她趴回床上,把脸埋进手臂里。
她的身体还热着。那股她二十年没尝过的感觉还刻在她每一寸皮肤上,像一只看不见的手还搭在她腰上。
几日后,还是诺顿馆,还是狮心会的聚会。
路鸣泽今晚喝得特别多。散场的时候,他已经软在沙发里,嘴里冒出起伏不定的鼾声。
癞皮狗是倒数第二个站起来的。
他一直等着众人散去。
上回被当众骂得下不来台,他一直记着这笔账。
这会儿屋里人走得差不多了,就剩这一个醉成一滩烂泥的废物。
但是苏茜还没走,她坐在桌子另一头,端起杯子,又放下,换了个姿势,抬眼,看了癞皮狗一眼。
癞皮狗看看路鸣泽,又看看苏茜,嘴角抽了抽,知道学姐的意思。哼了一声,扭头走了,门在身后带上。
屋里安静下来。灯光昏黄,酒气还没散尽。苏茜站起来,也准备走了。
“别离开我。”
声音从沙发那边传来,低低的,含混不清,带着酒后的沙哑。
苏茜的脚步停住了。
“我不会……再让楚子航伤害你。”
她整个人僵在原地。楚子航。那个名字,她守了两年,守到全校都以为他们是一对,守到自己都快信了。可从来没有一个人这样对她说过。
她慢慢转过身。
路鸣泽不知什么时候已经站起来,摇摇晃晃地走到她面前。
他看着她,目光涣散,像是醉得厉害,又像是清醒得过了头。
他伸出手,一把抱住了她。
抱得很用力,又很小心,像怕碰碎了什么。他的下巴搁在她肩头,她闻见他身上浓重的酒气,还有一点他自己都不自知的、发烫的温度。
“我不是夏弥。”苏茜却没有拨开路鸣泽的手,倒不是她失去了抵抗力,而是可怜这个无助的废柴胖子,即使他这几天这么过分。
“对不起,学姐。”他说,声音闷在她肩上,“我不该这样的。”
他松开她,往后退了一步,站不太稳,扶了一下桌子才稳住。他垂下眼,没再看她,摇摇晃晃地往门口走。

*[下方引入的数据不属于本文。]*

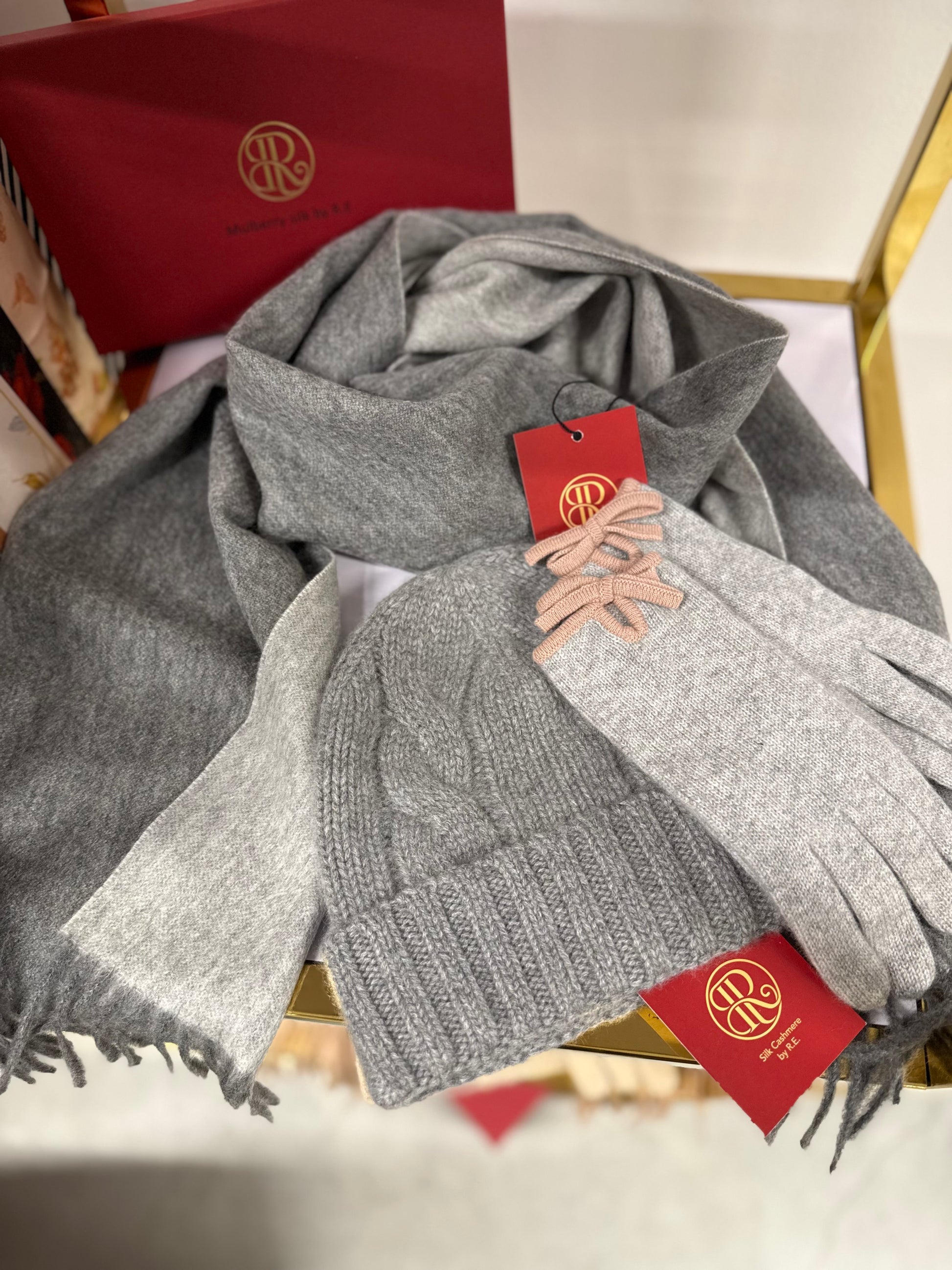 Šį prabangų rinkinį sudaro: dvipusis kašmyro šalis 30x180 dydžio, kašmyro kepurė ir kašmyro pirštinaitės. Šis kašmyro aksesuarų rinkinys puikiai papildys jūsų aprangos eilutę, surteikdamas jai rafinuotumo, elegancijos, žaismingumo prieskonį. Perkant šį rinkinį sutaupote 65 eur, nei perkant prekes atskirai. Sudėtis 100 % kašmyro vilna. Kilmės šalis - Vidinė Mongolija.
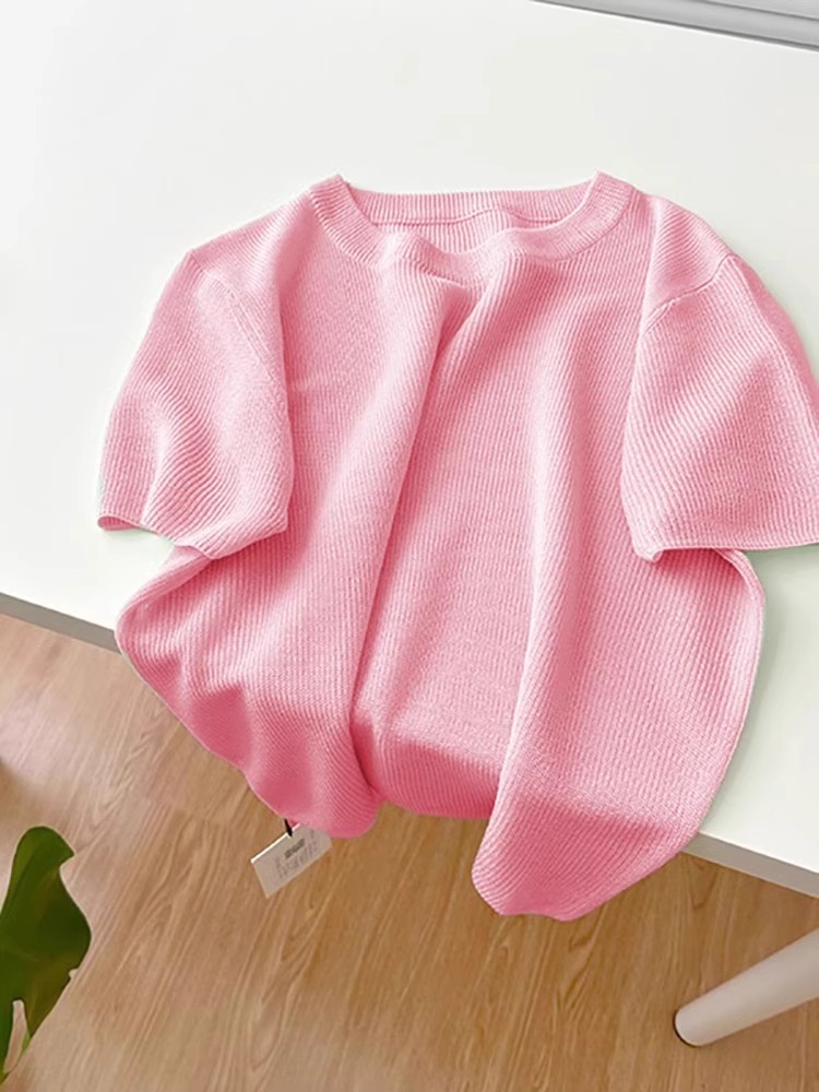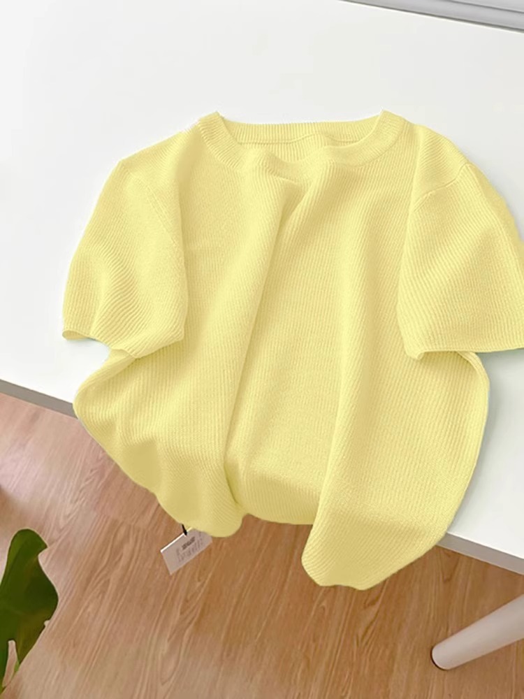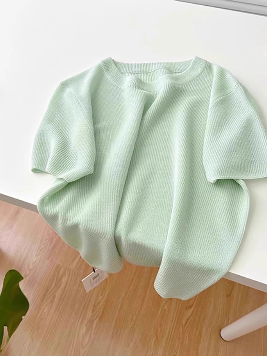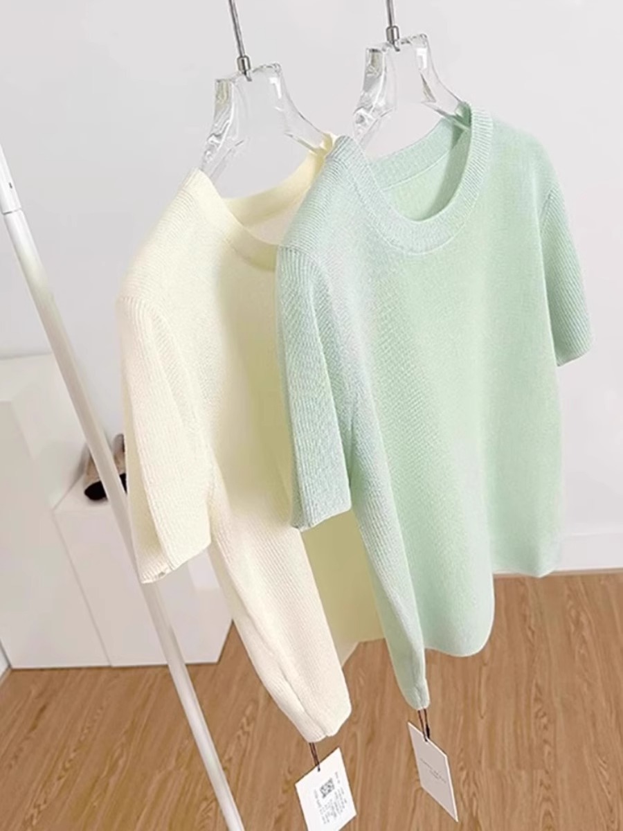 민트 그린 아이스 실크 니트 반팔 티셔츠 여성 여름 2025 새로운 하이 엔드 센스 숄더 티셔츠 쇼트 탑스토어 가기
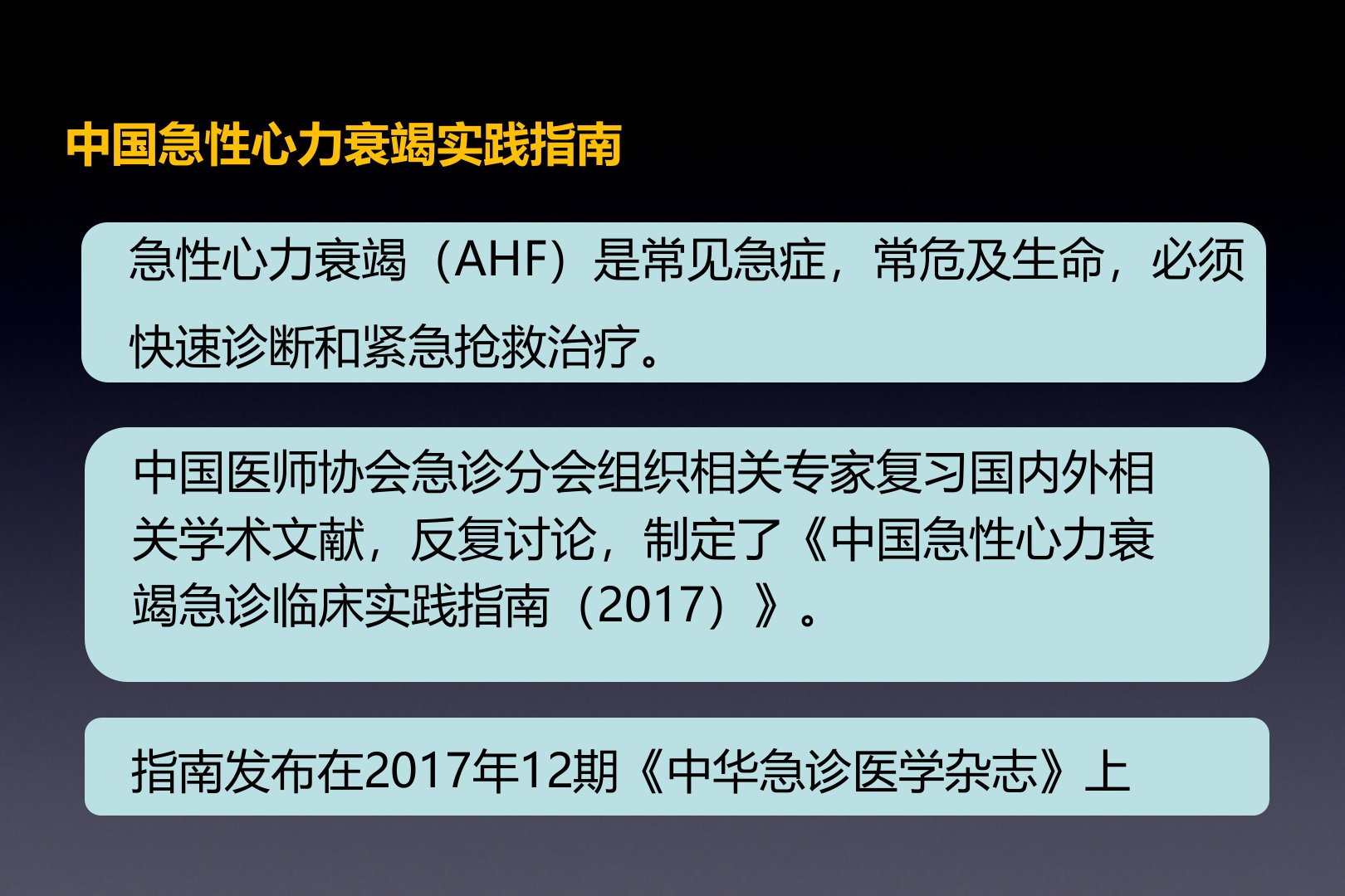 中国急性心力衰竭急诊临床实践指南2019(中国医师协会急诊分会)中国心力衰竭诊治和诊疗指南.中华心血管病杂志,2014,42(2):98-122.201420072010中国心力衰竭指南慢性心力衰竭诊断治疗指南急性心力衰竭诊断和治疗指南中国心力衰竭诊治和治疗指南在前两版心衰指南的基础上,参考近年来发布的新药物和新技术的应用的临床证据,进行了内容更新,为心衰诊治提供依据和原则,帮助临床医师做出医疗决策。定义、流行病学慢性心衰的评估HF-REF的治疗HF-PEF诊断治疗急性心衰难治性终末期心衰心衰病因和合并症的处理右心衰竭心衰整体治疗随访管理中国急性心力衰竭实践指南本指南对推荐类别Ⅰ类:指已证实和...
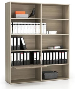 PLAN Široký kancelársky policový regál LAYERS, 6 boxov, 1582 x 400 x 1905, dub prírodný / dub morený
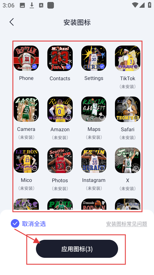 4、来到安装图标页面,挑选好要安装的图标,然后点击下方的【应用图标-(3)】按钮,就能完成安装啦。
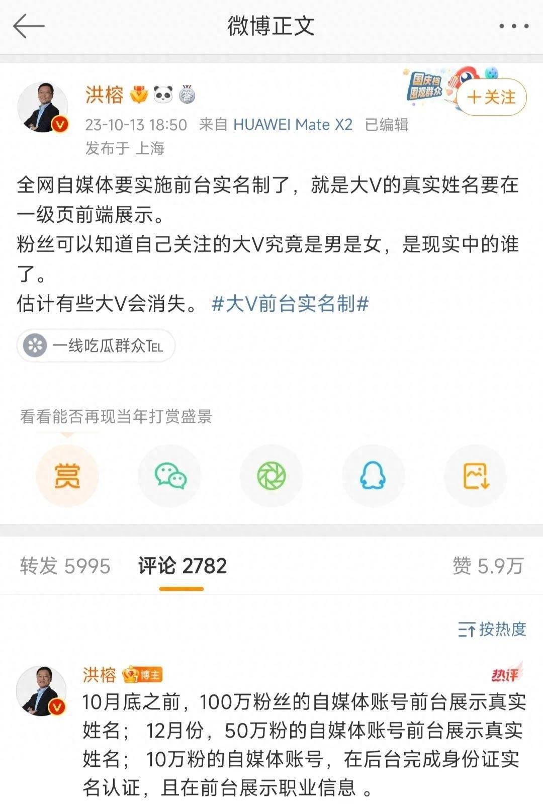 次日,洪榕还补充道:“10月底之前,100万粉丝的自媒体账号前台展示真实姓名;12月份,50万粉的自媒体账号前台展示真实姓名;10万粉的自媒体账号,在后台完成身份证实名认证,且在前台展示职业信息 。”
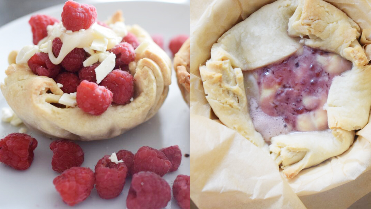 - As the pies have cooled and set, top with fresh raspberries, white chocolate pieces, and drizzles of whipped honey.
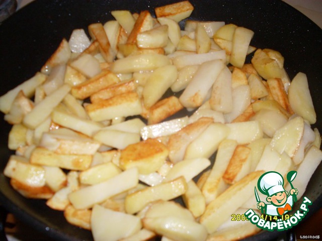 Картошку режем брусочками и обжариваем на сильном огне до полу-готовности и румяного цвета
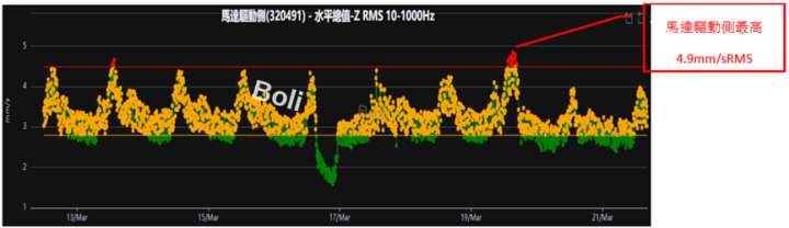 使用無線振動監測每小時量測一筆數據,在更換馬達後,在馬達非驅動與驅動側振動總值OA持續超過報警值2.8mm/sRMS及危險值4.5mm/sRMS

“我没有把你当成别人。你就是你自己,不是任何一个人。从我第一次见你说的第一句话就是认真的。”
苏茜站在原地,站在那盏昏黄的灯底下。
灯光把她的影子拉得很长很长。
她低头,看着自己的手。
屋里只剩下她一个人,酒气散尽了,安静得能听见她的心跳。
她想起按摩床上那只手,想起那句“我不会再让楚子航伤害你”,想起他醉醺醺地抱着她,下巴搁在她肩头,像个终于找到地方歇脚的旅人。
她没有动。她只是站在那里,心跳一声比一声快。
过了几天,路鸣泽没再烦苏茜,连诺顿馆的聚会都不来了。
苏茜照常训练,瓦妮莎帮她按摩放松。
可苏茜趴在那儿,闭着眼,等那阵酥麻再来一次,却总等不到。
她忽然想起那双手的温度。
她去找路鸣泽,是在五天后。
路鸣泽开门的时候头发还乱着,像是刚睡醒。看清是她,他微笑着让开半边门:“学姐依然光彩动人,找我吗?”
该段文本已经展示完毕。